Currently I use cc dict dictionary. And there there is no way how to tell.

homeless person | Übersetzung Englisch-Deutsch


----------



## Kajjo

lewinwitch said:


> So every time I learn a new noun in German, I have use Duden to find out, whether or not is it an adjectival noun?


Well, the more fluent you become, the more easy it will be to know the according adjective or to guess. But yeah, essentially, you have to look up new words in order to learn them properly.

I recommend to ALWAYS learn nouns together with the article and in case of adjectival nouns you have to remember that. Sorry, it's as bad as that.


lewinwitch said:


> Currently I use cc dict dictionary


That is not a proper dictionary in the linguistic sense. CC is sometimes quite interesting to find translations rapidly if you already know them and just can't think of them. But for learning new words, the entire context, meaning, explanation is missing as well as all grammar indications. This just doesn't work. It's not enough to learn a language. By far not. Select a proper linguistic dictionary.

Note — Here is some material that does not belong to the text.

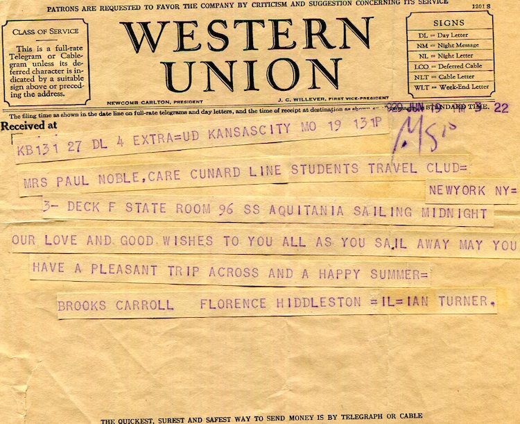 • England Transport Steamship Cunard Line SS Aquitania Western Union Telegram 1929-2
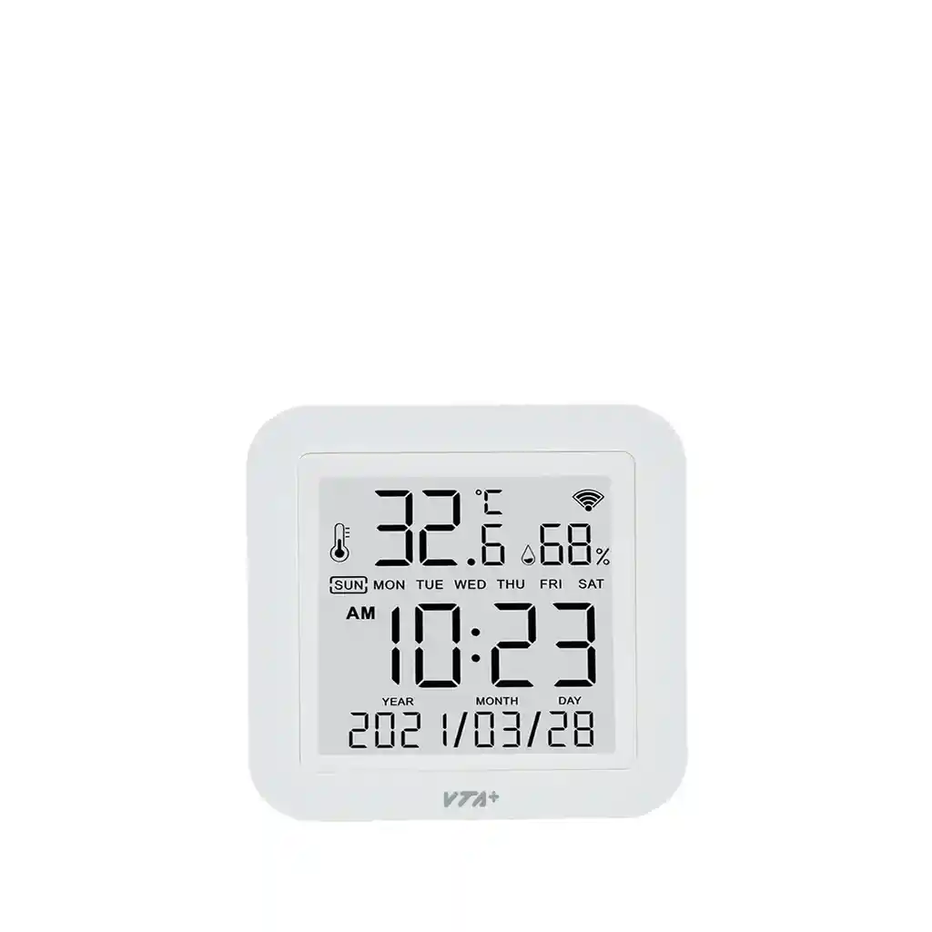 Haz que tu hogar sea inteligente y mantente cerca de los que más quieres. Detecta en tiempo real la temperatura de cualquier espacio con este sensor de temperatura y humedad automatizable desde la App VTA Casa Inteligente. Visualiza la información en su display de 2" y automatiza con otros productos Smart que requieran sensor de temperatura. Compatible con asistentes de voz Google Home y Alexa

Collins has grammar notes (_decline as adjective_), too. See here:
English Translation of “Obdachlose” | Collins German-English Dictionary
English Translation of “Bekannte” | Collins German-English Dictionary

I recommend Duden for all relevant questions.


----------



## flyingwitch

Thank you Kajjo for your insightful posts. I will consider using a new dictionary.

Isn't there some kind of a rule, saying that e.g. if a singular form of a noun ends with "r", then it is / or at least could be an adjectival noun?


----------



## Kajjo

lewinwitch said:


> Isn't there some kind of a rule, saying that e.g. if a singular form of a noun ends with "r", then it is / or at least could be an adjectival noun?


No, sorry. Note that most adjectival nouns come in female and male form (eine Bekannte, ein Bekannter) and there are many nouns ending on -e or -e that are non-adjectival noun. 

As a very (!) rough rule of thumb you might come to attention as soon as such a noun describes a person. But again, you need to know the meaning and thus look up in a good dictionary anyway.


----------



## anahiseri

By the way. . . . . 
ein kleiner Fehler, nicht schlimm, aber dennoch wert, berichtigt zu werden:  der *Jugendliche* mit  *d *!  (Jugen*d*)

hm. . . wert oder Wert ?


----------



## Kajjo

anahiseri said:


> wert oder Wert ?


_a) wert sein -- einen bestimmten Wert haben
b) wert sein -- einer Sache würdig sein

Es ist wert, berichtigt zu werden. <Bedeutung b>_


----------



## anahiseri

lewinwitch, can you give us more examples of nouns which pose this problem for you?
I have never come across anybody asking this and I'm curious to see if I could find an explanation that helps you.


----------



## Gernot Back

Kajjo said:


> Note that most adjectival nouns come in female and male form (eine Bekannte, ein Bekannter)


Isn't it rather *all but one* adjectival noun? Can you think of any exception besides _*der* Beamt*e*/ein Beamt*er*_, but _die/eine Beamt*in*_?
_Die Grünin(nen)_ is actually just a hoax.


----------



## JClaudeK

lewinwitch said:


> So every time I learn a new noun in German, I have to use Duden to find out, whether or not is it an adjectival noun?


For words like "der, die  Kranke/  der, die Kleine/ der, die Studierende/ ..... " you should be able to see at first the  sight that they are "*Nominalized adjectives*", don't you?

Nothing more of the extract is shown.